**Work item**
Look below for the line with "Roaring 20s 1920s", then repeat it and all lines after it, exactly, minus any pictures.

**Information shown**
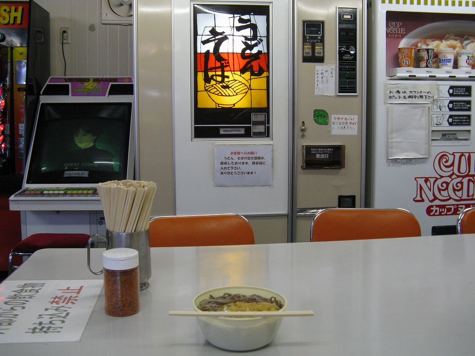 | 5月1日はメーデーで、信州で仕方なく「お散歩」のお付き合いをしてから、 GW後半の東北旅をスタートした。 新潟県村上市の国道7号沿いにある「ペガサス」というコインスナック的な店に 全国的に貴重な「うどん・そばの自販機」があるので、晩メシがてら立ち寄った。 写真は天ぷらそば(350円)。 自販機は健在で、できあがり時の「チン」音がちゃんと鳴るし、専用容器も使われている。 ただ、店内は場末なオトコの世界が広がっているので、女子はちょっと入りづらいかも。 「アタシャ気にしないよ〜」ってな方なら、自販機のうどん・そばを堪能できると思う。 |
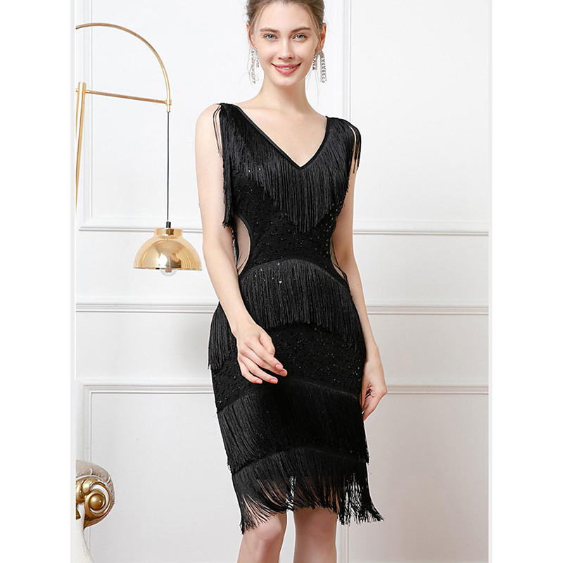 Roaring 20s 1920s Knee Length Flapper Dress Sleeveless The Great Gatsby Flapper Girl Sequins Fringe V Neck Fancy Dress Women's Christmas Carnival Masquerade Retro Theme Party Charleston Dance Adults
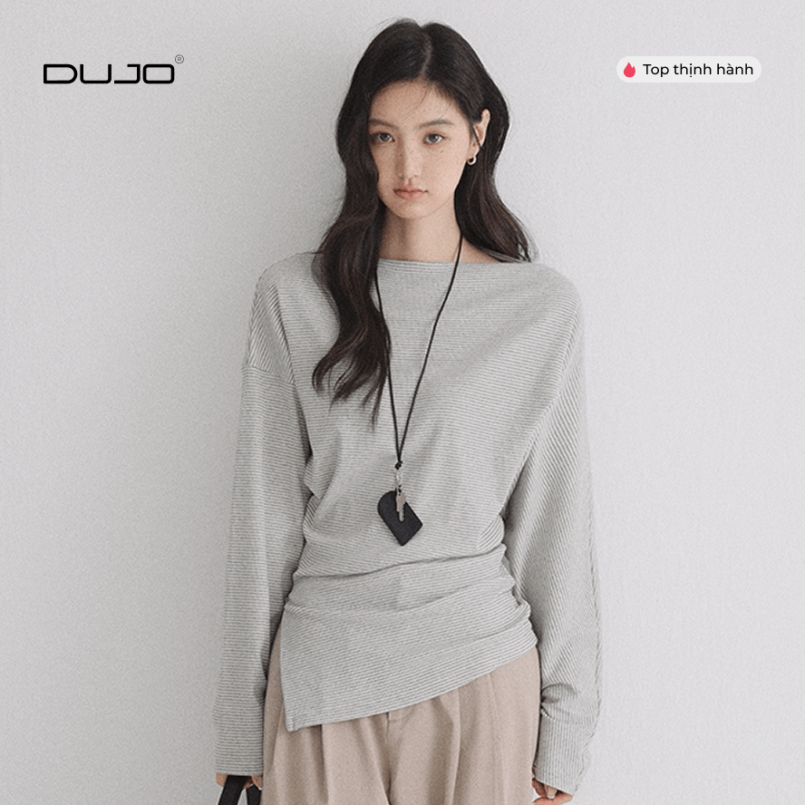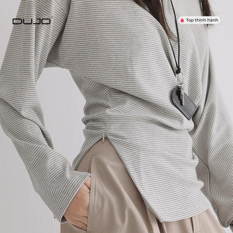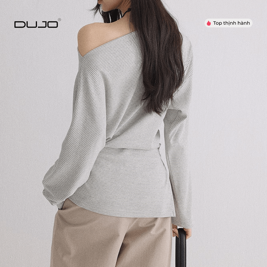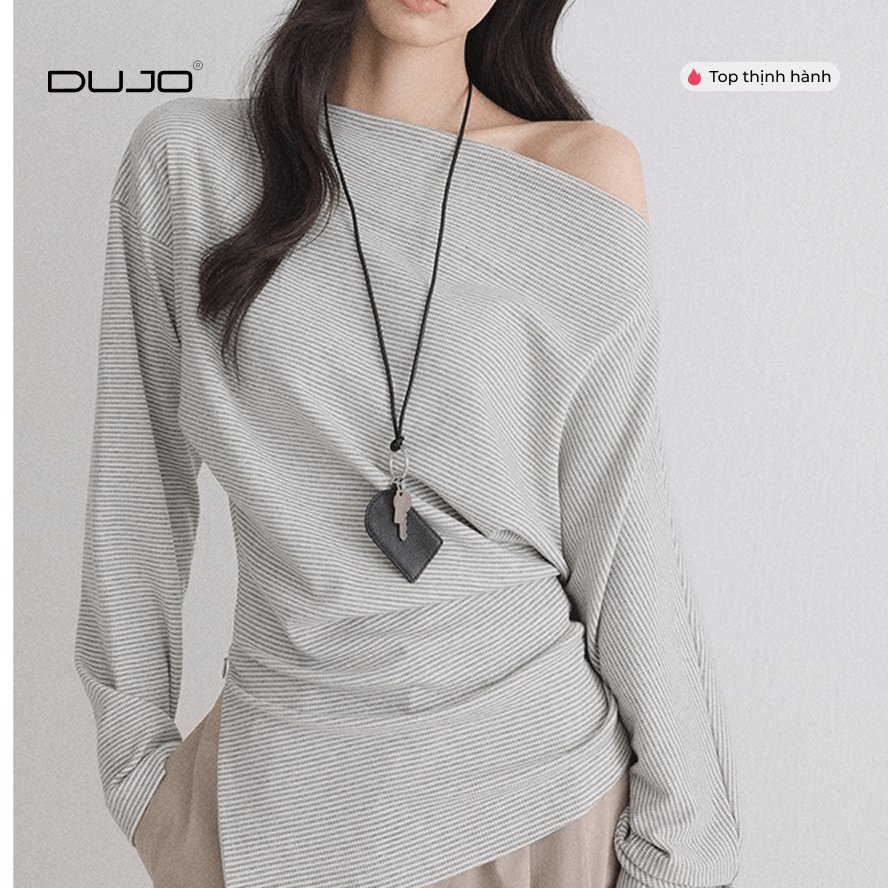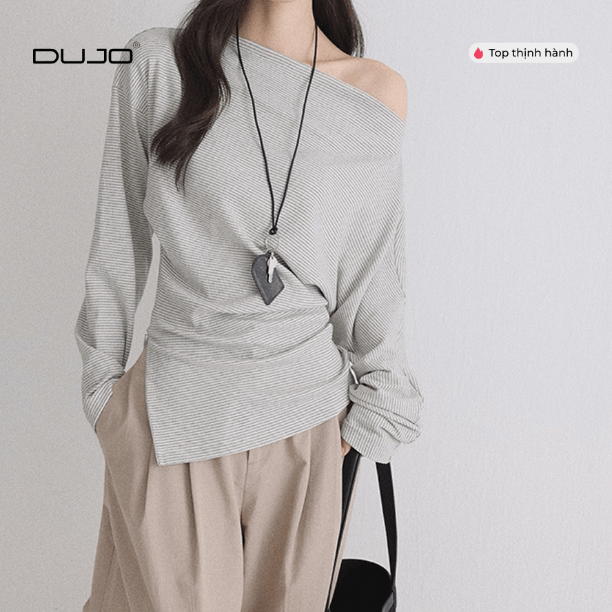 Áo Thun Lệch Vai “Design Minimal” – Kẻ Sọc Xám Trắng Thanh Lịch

**Exercise solution**
 Roaring 20s 1920s Knee Length Flapper Dress Sleeveless The Great Gatsby Flapper Girl Sequins Fringe V Neck Fancy Dress Women's Christmas Carnival Masquerade Retro Theme Party Charleston Dance Adults
 Áo Thun Lệch Vai “Design Minimal” – Kẻ Sọc Xám Trắng Thanh Lịch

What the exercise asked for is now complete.